## About this task
A partial copy is required: transcribe exactly the lines from the one containing "Hi, we are unable" through the last line below, without any pictures.

Segment Start: Information shown

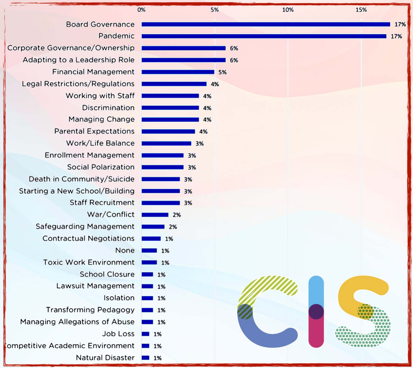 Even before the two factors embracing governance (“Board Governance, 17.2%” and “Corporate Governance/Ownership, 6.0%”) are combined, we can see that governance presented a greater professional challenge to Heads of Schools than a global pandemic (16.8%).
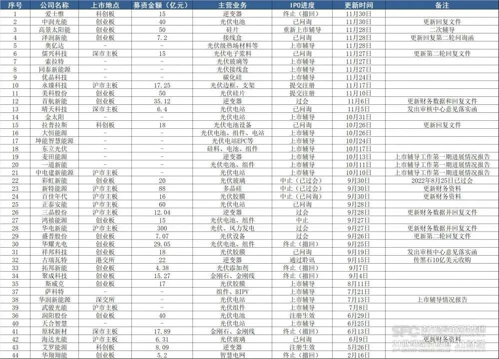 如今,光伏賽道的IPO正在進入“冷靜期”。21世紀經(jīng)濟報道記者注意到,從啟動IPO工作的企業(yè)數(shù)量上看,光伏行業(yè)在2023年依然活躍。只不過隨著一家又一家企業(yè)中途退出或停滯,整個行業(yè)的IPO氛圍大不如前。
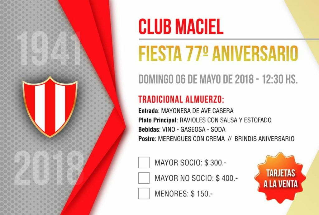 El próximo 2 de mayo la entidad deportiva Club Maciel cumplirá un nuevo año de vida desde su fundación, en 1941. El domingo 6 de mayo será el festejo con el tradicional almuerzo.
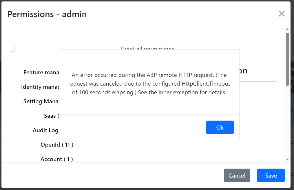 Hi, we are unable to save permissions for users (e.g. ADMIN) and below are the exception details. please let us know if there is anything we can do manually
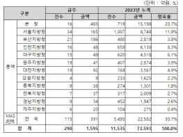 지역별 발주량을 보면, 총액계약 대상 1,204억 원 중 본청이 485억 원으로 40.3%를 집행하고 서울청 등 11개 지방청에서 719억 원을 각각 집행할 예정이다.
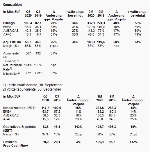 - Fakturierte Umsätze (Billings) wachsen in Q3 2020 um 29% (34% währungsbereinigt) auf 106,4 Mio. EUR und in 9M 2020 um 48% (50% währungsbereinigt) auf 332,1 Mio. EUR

Segment End: Information shown

## Your solution
 Hi, we are unable to save permissions for users (e.g. ADMIN) and below are the exception details. please let us know if there is anything we can do manually
 지역별 발주량을 보면, 총액계약 대상 1,204억 원 중 본청이 485억 원으로 40.3%를 집행하고 서울청 등 11개 지방청에서 719억 원을 각각 집행할 예정이다.
 - Fakturierte Umsätze (Billings) wachsen in Q3 2020 um 29% (34% währungsbereinigt) auf 106,4 Mio. EUR und in 9M 2020 um 48% (50% währungsbereinigt) auf 332,1 Mio. EUR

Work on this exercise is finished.